Question

Which of the following statement is true about ideal solutions? (a) the volume of mixing is zero (b) the enthalpy of mixing is zero (c) both \(\mathrm{A}\) and \(\mathrm{B}\) (d) none of these

Short answer

(c) both A and B

Step-by-step solution

Understand Ideal Solutions

An ideal solution is a solution in which the intermolecular interactions between different types of molecules are the same as between the same types. This means that ideal solutions follow Raoult's Law and do not have any energy change when mixed.

Examine the Volume of Mixing

For an ideal solution, when the components are mixed, there is no volume change. Therefore, the volume of mixing is zero. This means statement (a) is true.

Examine the Enthalpy of Mixing

Since ideal solutions have uniform intermolecular interactions, the enthalpy change for mixing is also zero, as there is no absorption or release of heat. Thus, statement (b) is true as well.

Determine Which Statements are True

Since both the volume of mixing and the enthalpy of mixing are zero in ideal solutions, both statements (a) and (b) are correct. This means option (c), which states both (a) and (b) are true, is the correct answer.

Key concepts

Volume of Mixing

When we talk about the volume of mixing in the context of ideal solutions, it refers to a simple concept: the total volume of the solution after mixing is the same as the sum of the volumes of the individual components before mixing. This implies no volume change or expansion occurs when different substances are combined.

For ideal solutions, the interactions between molecules of different types are similar to those that occur between molecules of the same type. This results in no net macroscopic effects as far as volume is concerned. Therefore, the volume of mixing is zero.

Let's break it down: * No volume contraction means no noticeable shrinkage in volume. * No volume expansion means no noticeable increase in size. * This observation is crucial because it reinforces the idea that the solution behaves completely predictably and maintains its physical space as a combination of its individual parts.

In summary, ideal solutions demonstrate a perfect additive property regarding volume, which is why it remains unchanged.

Enthalpy of Mixing

The enthalpy of mixing focuses on the thermal energy exchange between molecules when two substances are combined to form a solution. In simpler terms, when you mix components to form an ideal solution, no heat is absorbed or released.

To put this into perspective, consider that in an ideal solution: * Molecular interactions are uniform and consistent. * There's no preferability or aversion among different molecules when forming new interactions.
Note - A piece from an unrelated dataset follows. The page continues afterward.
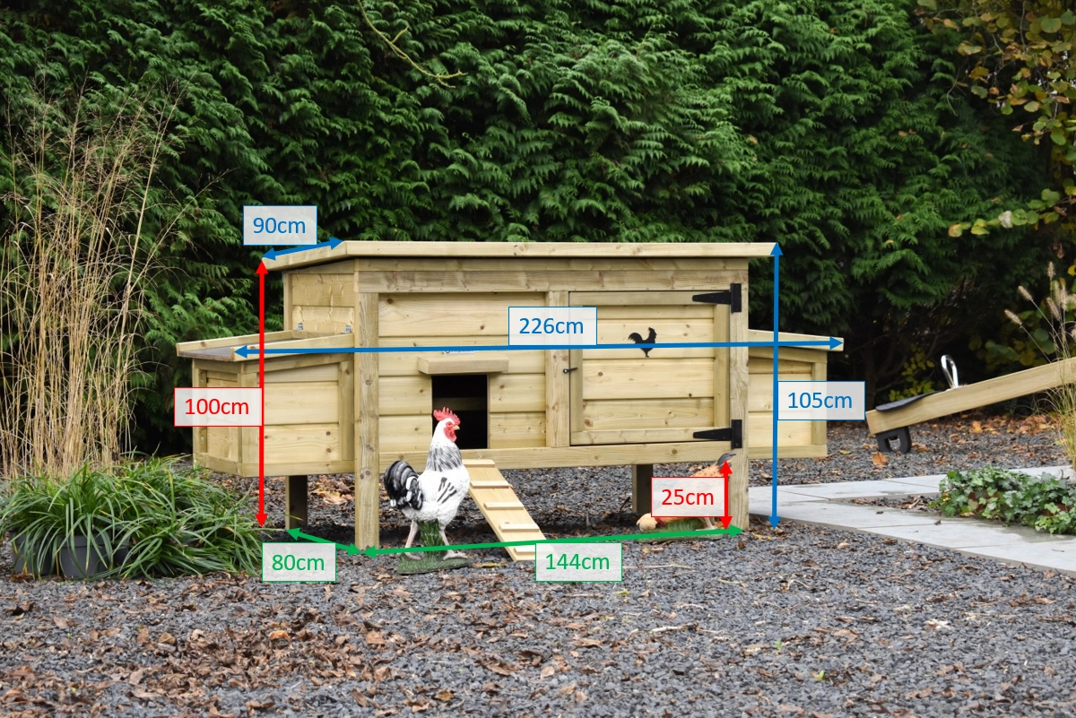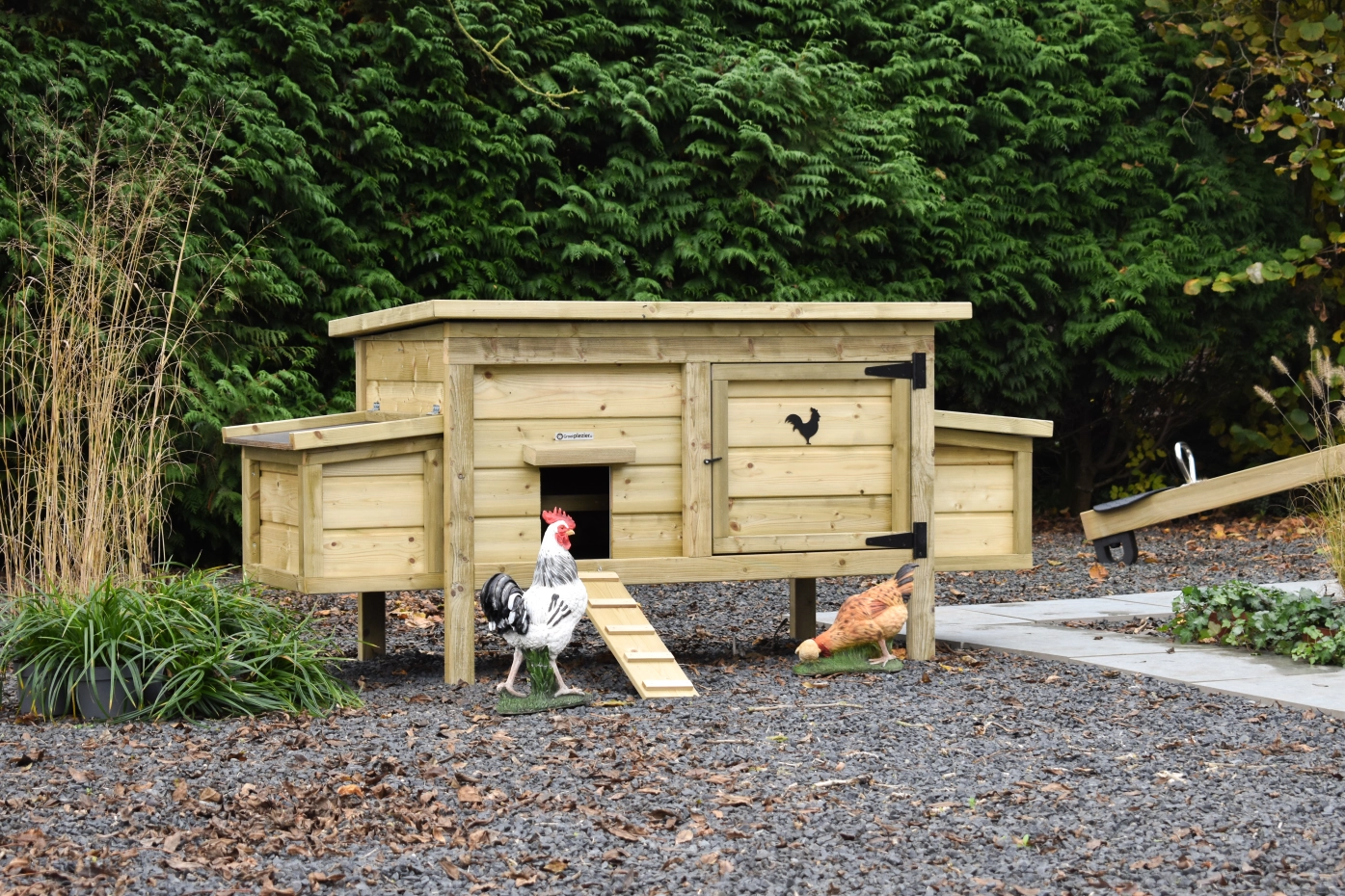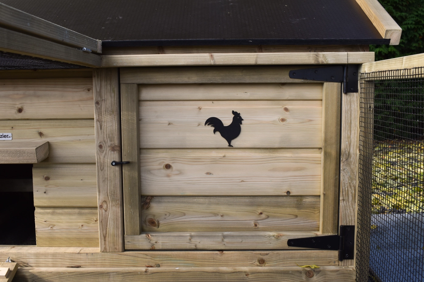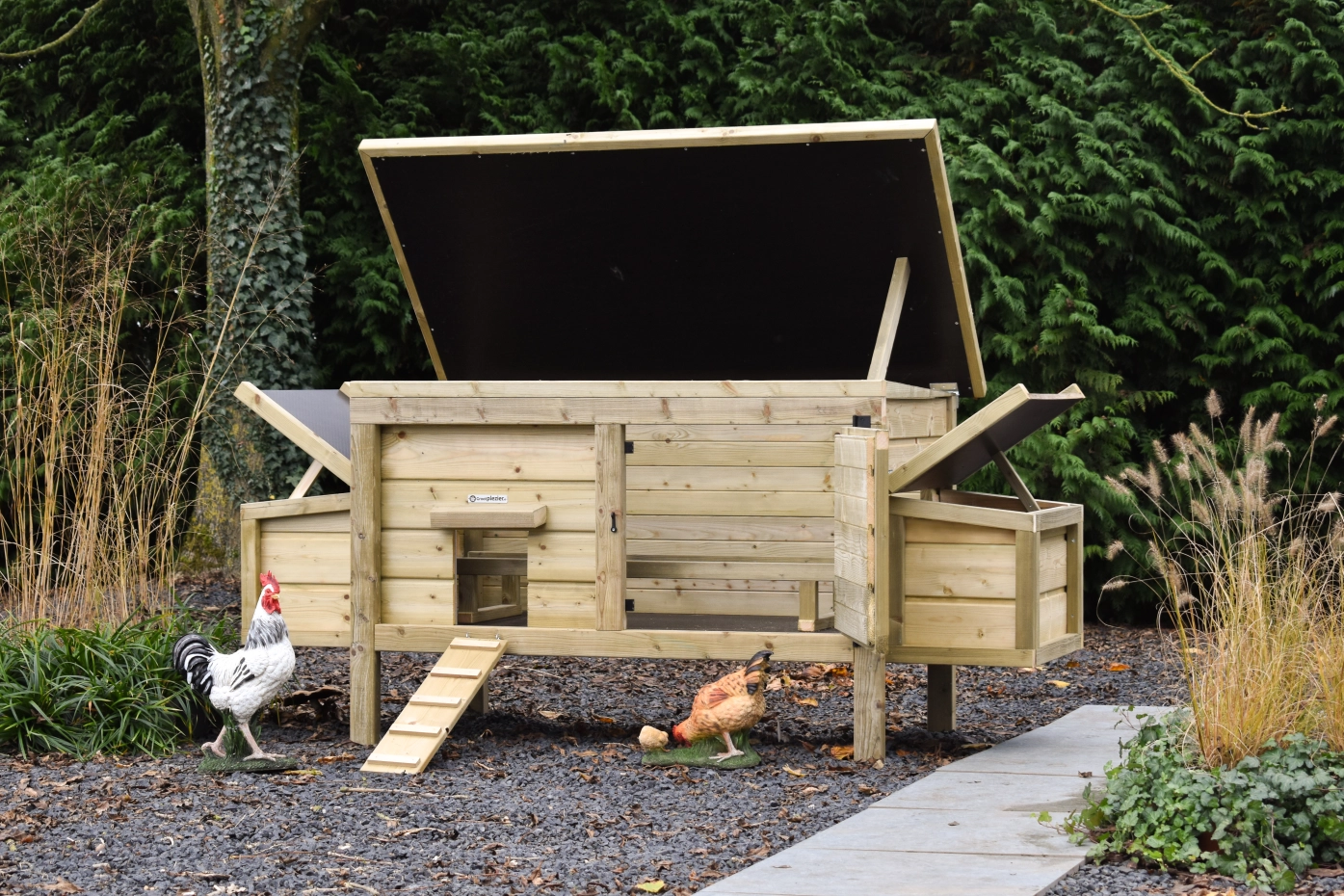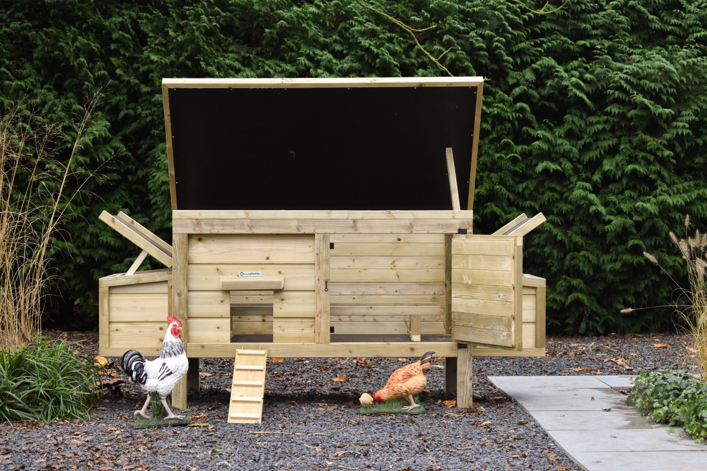 Dieses niedrige Modell mit 2 Legenestern lässt sich dank des schwenkbaren Dachs und der praktischen Tür an der Vorderseite leicht reinigen. Die Legenester verfügen ebenfalls über schwenkbare Dächer und eine leicht herausnehmbare Bodenplatte. Für ein schönes Detail an der Tür können Sie ein hübsches Holztier mitbestellen. Das verleiht dem Stall eine besonders charmante Ausstrahlung!

This means the system's total energy remains unchanged. If you're wondering how this works, think of it like combining two puzzle pieces that fit perfectly—in this perfect match, no energy is needed for adjustments.

This is why the enthalpy change for an ideal solution is zero. There are no additional forces needed to overcome, and no heat exchange occurs, indicating a completely balanced energetic environment.

Raoult's Law

Raoult's Law is a foundational principle in understanding ideal solutions. It states that the partial vapor pressure of a component in a solution is directly proportional to the mole fraction of that component in the solution.

Mathematically, it can be expressed as:\[ P_i = X_i \times P_i^0 \]where:* \(P_i\) is the partial vapor pressure of the component.* \(X_i\) is the mole fraction of the component in the solution.* \(P_i^0\) is the vapor pressure of the pure component.In an ideal solution:* Each component's partial pressure contributes predictably to the total vapor pressure.* The total vapor pressure is the sum of the partial pressures of individual components.

This concept highlights that, due to identical interactions as in their pure states, components in an ideal solution don't deviate from expected behavior. Everything is highly predictable and conforms well to theoretical expectations, making Raoult's Law a robust tool for analyzing such systems. Understanding this helps in predicting how solutions will behave under various conditions, essential for anyone studying chemistry.